By the 1950s, technology allowed wildfire suppression to happen faster and more efficiently than ever. Smoke jumpers parachuted into remote areas while tankers and helicopters doused larger blazes with retardant or available water. However, while this protected timber looked good on a public safety front, problems were growing steadily with this approach. Beyond the reasons already mentioned, it put nature’s cyclical reliance on fire in the background. Yes, fire can be destructive and terrifying, but portraying it as a force of nature to be controlled takes away from its role as a vital tool for keeping forests in balance.
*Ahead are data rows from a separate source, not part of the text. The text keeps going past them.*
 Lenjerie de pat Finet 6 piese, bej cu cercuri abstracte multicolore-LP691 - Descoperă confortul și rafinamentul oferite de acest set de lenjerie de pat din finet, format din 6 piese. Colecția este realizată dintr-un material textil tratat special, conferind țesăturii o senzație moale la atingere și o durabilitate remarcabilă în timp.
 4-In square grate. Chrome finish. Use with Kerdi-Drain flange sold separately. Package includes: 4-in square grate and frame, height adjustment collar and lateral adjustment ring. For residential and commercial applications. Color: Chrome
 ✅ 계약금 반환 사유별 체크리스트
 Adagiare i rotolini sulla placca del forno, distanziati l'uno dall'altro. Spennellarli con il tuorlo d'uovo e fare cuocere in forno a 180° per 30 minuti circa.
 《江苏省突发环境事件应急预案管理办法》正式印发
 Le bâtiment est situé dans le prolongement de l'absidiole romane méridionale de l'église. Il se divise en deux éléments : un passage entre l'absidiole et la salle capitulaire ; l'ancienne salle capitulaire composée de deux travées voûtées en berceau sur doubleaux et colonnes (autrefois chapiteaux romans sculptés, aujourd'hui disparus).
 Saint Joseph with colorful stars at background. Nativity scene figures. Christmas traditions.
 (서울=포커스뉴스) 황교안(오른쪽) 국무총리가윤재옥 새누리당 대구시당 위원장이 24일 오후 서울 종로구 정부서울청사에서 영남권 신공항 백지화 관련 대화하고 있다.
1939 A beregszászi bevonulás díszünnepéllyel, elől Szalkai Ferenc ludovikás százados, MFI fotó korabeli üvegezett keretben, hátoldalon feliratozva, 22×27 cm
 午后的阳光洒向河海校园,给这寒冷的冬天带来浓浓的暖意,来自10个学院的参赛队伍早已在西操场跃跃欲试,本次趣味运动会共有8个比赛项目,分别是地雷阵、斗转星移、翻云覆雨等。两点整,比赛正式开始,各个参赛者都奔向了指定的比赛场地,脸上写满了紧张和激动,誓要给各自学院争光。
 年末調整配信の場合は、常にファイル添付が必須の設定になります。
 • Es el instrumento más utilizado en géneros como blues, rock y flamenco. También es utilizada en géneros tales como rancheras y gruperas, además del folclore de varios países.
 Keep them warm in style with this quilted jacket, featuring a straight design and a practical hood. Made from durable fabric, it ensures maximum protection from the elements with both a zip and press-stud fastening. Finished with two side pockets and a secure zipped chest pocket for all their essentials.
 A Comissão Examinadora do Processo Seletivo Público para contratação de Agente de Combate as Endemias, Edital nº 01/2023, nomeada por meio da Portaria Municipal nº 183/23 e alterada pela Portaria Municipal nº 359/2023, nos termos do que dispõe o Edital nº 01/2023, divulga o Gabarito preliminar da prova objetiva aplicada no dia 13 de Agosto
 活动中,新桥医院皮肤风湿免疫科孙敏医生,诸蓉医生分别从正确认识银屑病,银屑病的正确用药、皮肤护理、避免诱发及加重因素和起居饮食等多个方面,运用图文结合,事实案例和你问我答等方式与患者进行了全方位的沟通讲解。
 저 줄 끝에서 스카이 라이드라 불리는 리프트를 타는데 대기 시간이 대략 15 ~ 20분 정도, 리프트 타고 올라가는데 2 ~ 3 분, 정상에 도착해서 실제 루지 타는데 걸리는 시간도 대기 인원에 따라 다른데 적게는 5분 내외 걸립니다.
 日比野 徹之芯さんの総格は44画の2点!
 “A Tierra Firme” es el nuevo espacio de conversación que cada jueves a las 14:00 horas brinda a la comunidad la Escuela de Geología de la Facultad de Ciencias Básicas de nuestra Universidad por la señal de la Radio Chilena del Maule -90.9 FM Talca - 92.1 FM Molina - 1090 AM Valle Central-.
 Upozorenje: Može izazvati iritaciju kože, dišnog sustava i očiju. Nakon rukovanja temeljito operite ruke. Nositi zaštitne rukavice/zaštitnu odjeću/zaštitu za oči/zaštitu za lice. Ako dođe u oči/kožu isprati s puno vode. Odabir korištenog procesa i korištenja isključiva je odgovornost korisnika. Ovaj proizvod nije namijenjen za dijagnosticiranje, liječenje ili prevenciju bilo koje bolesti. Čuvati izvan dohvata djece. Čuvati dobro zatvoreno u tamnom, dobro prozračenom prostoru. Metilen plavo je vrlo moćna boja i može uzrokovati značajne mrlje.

In the roughly 150 years of this type of fire suppression, many forests saw a buildup of slash, which led to many “tinderbox” incidents that have dominated headlines and extended the wildfire season to almost a year-round basis due to extreme drought in parts of the Pacific Northwest and the Rockies. A Yale study showed global warming has led to the troubling phenomenon of “mega-fires” in the last 15-20 years, which have been fed by at least a century’s worth of slash and overgrowth.
In the wake of this trend, it’s encouraging to see tribes, forest agencies, and conservation groups working together more to revisit time-honored Indigenous burning practices. The Yurok, Karuk, and Hoopa Tribes of Northern California have been especially highlighted for their cultural burns, while in Oregon, practitioners of traditional ecological knowledge continue firefighter training with Indigenous recruits.
A few months ago, I went back to the Andrew Reasoner Preserve outside Eugene and walked through the acreage that was burned in the fall of 2021. While some faint charring and wilted stubble remained on the landscape, I knelt closer to the ground to see fine green sprouts of prairie grass and saplings emerging from the earth.
The time of “good fire” has come back.